Originally Posted by *Butterflymom*
Hmmm, the only new input I have is that somehow American WAHMs need to tap into the market on this side of the pond because even though shipping is higher, the exchange rate is good because the dollar is low, so mamas over here in Europe will feel like they're getting a deal! (generally speaking....some countries obviously don't apply. But man oh man is the exchange rate good for UK mamas!)

You are so right. CDing as *we* know it basically unheard of here in Europe. It would be a HIT if we could a) find a way to mass ship product from the USA in a timely cost effective manner and b) I could finish getting my business up and running!!!!! LOL

Olivia (who is frantically TRYING to get some kind of website design in her head so I can start!!!)


----------



## Danahen (Feb 1, 2004)

Quote:

For example, give some sort of bonus if customers buy a certain amount of dollars worth of products; even a thank you note by email with pictures of the kids would be a start. Or give a five percent discount on one order for referring new customers to the business.
Unfortunately, unlike large companies, most wahms cannot afford to do this







. I am an occasional freebie giver, only when I am able to do so (I wish I could afford to give away more free things, but I cannot). I am lucky to have the time to (99% of the time) give a "thank you" email, yet I know of many wahms who are trully busy juggling home/work that they simply do not have the time to do this . Even 5% might not seem like much, but it all adds up. It's unfortunate, but true. Every little penny adds up. I wish I had investors







! I did free shipping most of this summer, and it nearly killed me







. So, the best I can do is rely on word of mouth and some minimal advertising. Here's a wahm idea, someone start a business that 1)makes freebies, 2) answers every email, and 3) finds the best places to advertise







!! Now, there's a business that would be busy! :LOL
It's a shame, because most of us wahms really love our customers! Everyone has been so great! I've made alot of friends, myself. I wish I could reward them all with discounts and coupons, etc. etc. etc.. It's just impossible, really.


----------



## penny31 (Jul 21, 2003)

Quote:


Originally Posted by *Rebecca*
Maybe somehow advertising when we have instock stuff available? SOmetimes I think that there are so many wahm sites that its hard to think of where to shop. When I sit down and decide to browse for dipes, I start with the hyena-sites, and of course, get frustrated. I forget the 'lesser known' wahm sites that may have instant gratification.









Exactly







I would love to know who had instock when I was ready to shop! How can we do that?
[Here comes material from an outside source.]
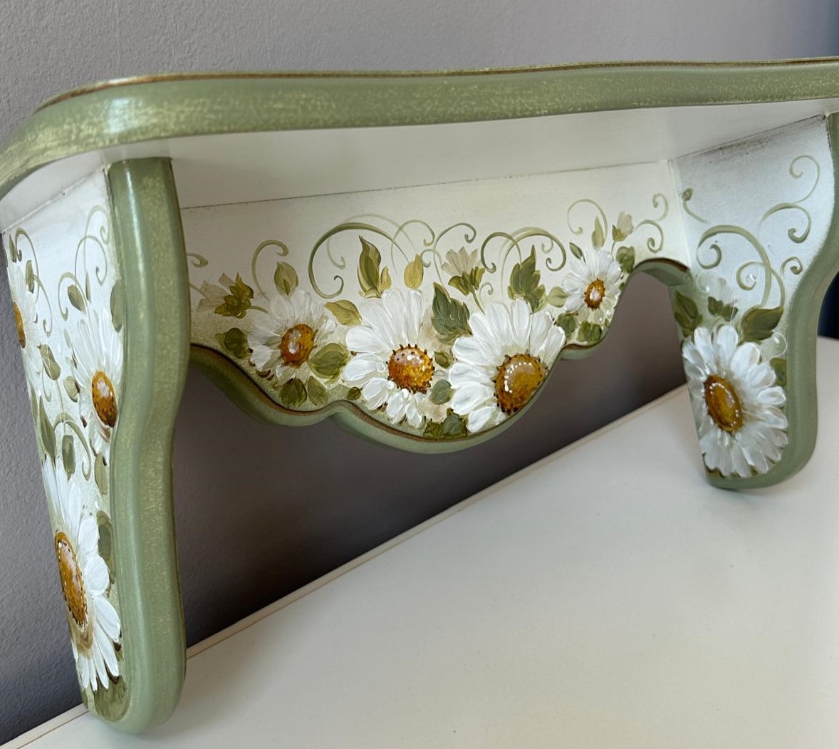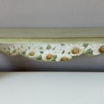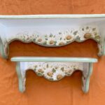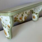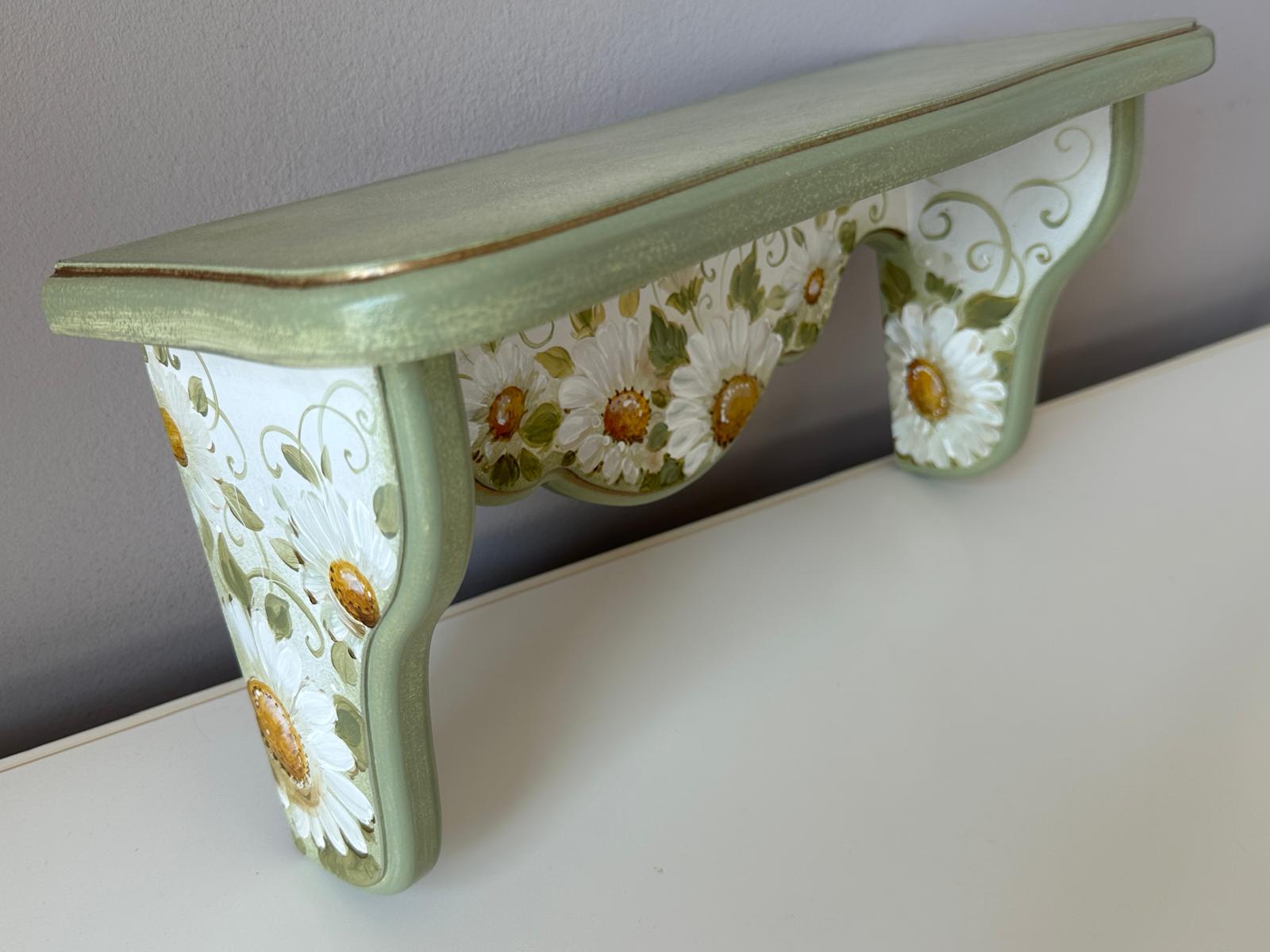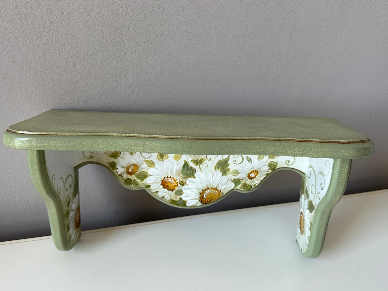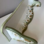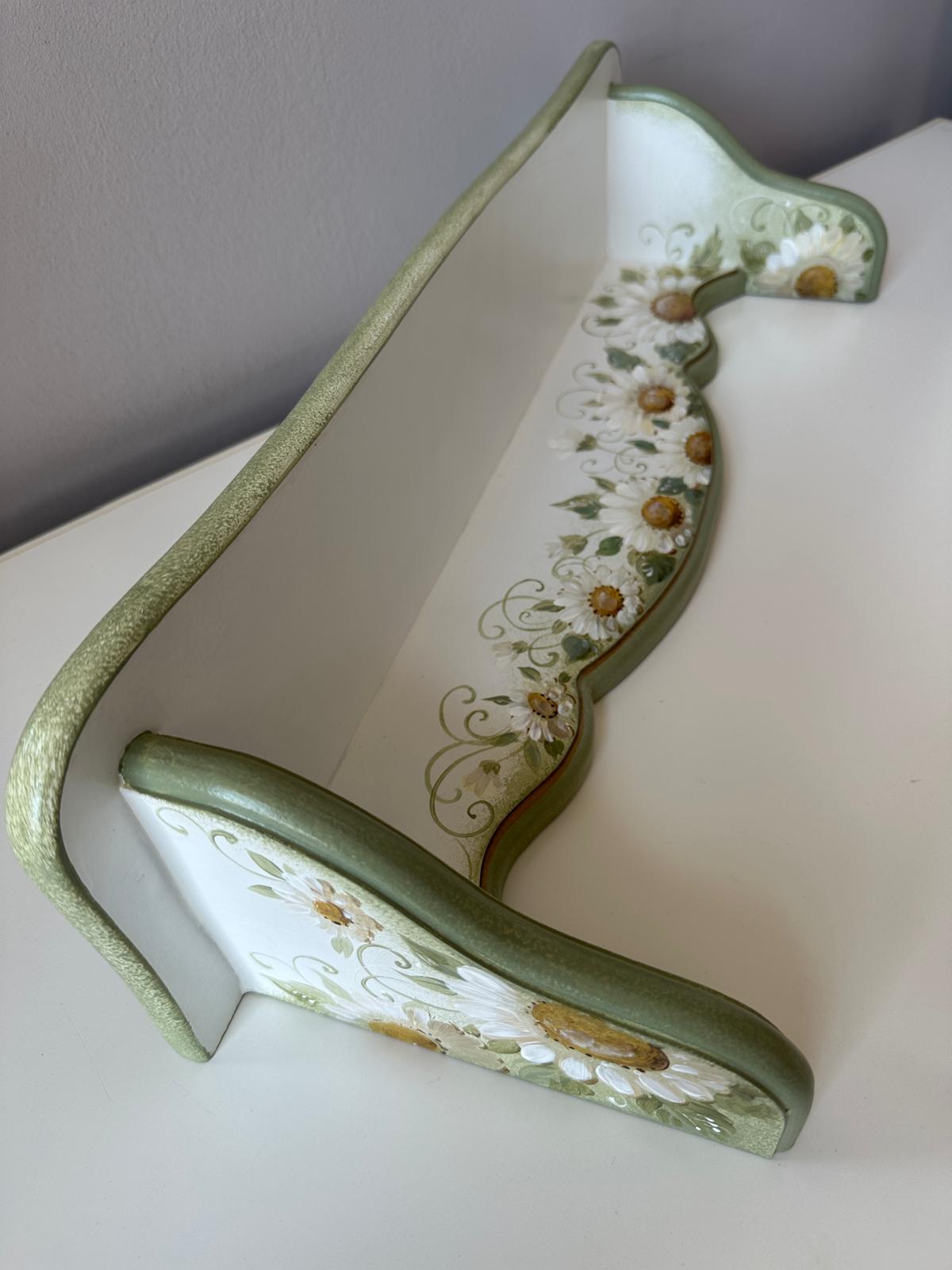 Set de doua etajere cu margarete, verde pastel si cu dungi aurii. Cu o estetică ce amintește de perioadele clasice, acest set de două etajere aduce eleganța în contemporan. Formele rafinate și culorile sofisticate creează un cadru deosebit în orice încăpere. Auriul adaugă strălucire, iar patina fină oferă o senzație de autenticitate.

I am sad about Harleyz, my best fitteds are from Harleyz - they are just perfect.









XOXO


----------



## sedalbj (Mar 17, 2004)

Wow, what a great post.

I have only been researching/using cd's for about 8 mths, and I have noticed what you are talking about, and it surprises me. I have been wondering how new dipes sell, when there is so much being traded back and forth on the boards... And every industry has growth and stagnation periods....

I really think we need more cloth diapering mamas to spur on growth. There are so many out there who have no idea about the alternatives to sposies. My college friends, some much crunchier than me, are using sposies, and are so surprised when they find out that there is an alternative besides prefolds, pins, and plastic pants. The disposable diaper industry is doing a great job at advertising, and the general public JUST DOESN'T KNOW ANY ALTERNATIVE!

The Real Diaper Assocation is offering everyone a chance to bring in the next group of moms. I am trying to start a circle in the Philadelphia area, and there are other circles starting as well (if you want to be a Leader but are intimidated by the big list of responsibilities, see if you can get a small team of Co-Leaders together to spread out the work). If every current cd'ing mama brings one friend to a Circle meeting, just think of how many more customers the industry would have. And how many trees would be saved, and how much less trash would be created, blah blah blah...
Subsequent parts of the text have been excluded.